2. Bias-variance tradeoff: polynomial regression (4 points)#

Recall that in polynomial regression we increase model complexity by expanding \(x\) out to the power \(k\) (which we call degree).

\[Y = \hat{\beta}_0 + \sum_{j=1}^K \hat{\beta}_jX^j \]
\[ = poly(x,k)\]

(a) Fit a 2nd degree polynomial regression model to the training data. Plot the results.

Hint: Use the help function to see how to use the stat_smooth() and poly() functions.

# WRITE YOUR CODE HERE

How well does this 2nd degree polynomial model qualitatively fit the data? Could it do better?

Write your response here

(b) Fit a 12th degree polynomial to the data.
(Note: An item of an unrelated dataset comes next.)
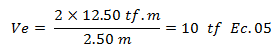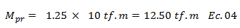 Teniendo claro el significado de cada una de las variables que intervienen en la estimación de “Ve”, procedamos a explicar su proceso de cálculo. Obtenemos primero “Mpr” con ayuda de la ecuación N°01, y basados en el “Mc” obtenido en la imagen N°3, equivalente a “10 tf.m”:

Does this do qualitatively better or worse than the 2nd degree model?

# WRITE YOUR CODE HERE

Write your response here

(c) Modify the loop below to estimate the bias-variance tradeoff as model complexity (i.e., degree of the polynomial model, \(k\)) increases from 2 to 50. Use the training data to fit the model and test data to evaluate its predictive accuracy.

Visualize your results by plotting the median squared error for the training data and test data as a function of polynomial degree.

(Note: We are using median accuracies here because there are often 1 or 2 outlier values in the higher degree polynomial models that can throw off the accuracy estimates).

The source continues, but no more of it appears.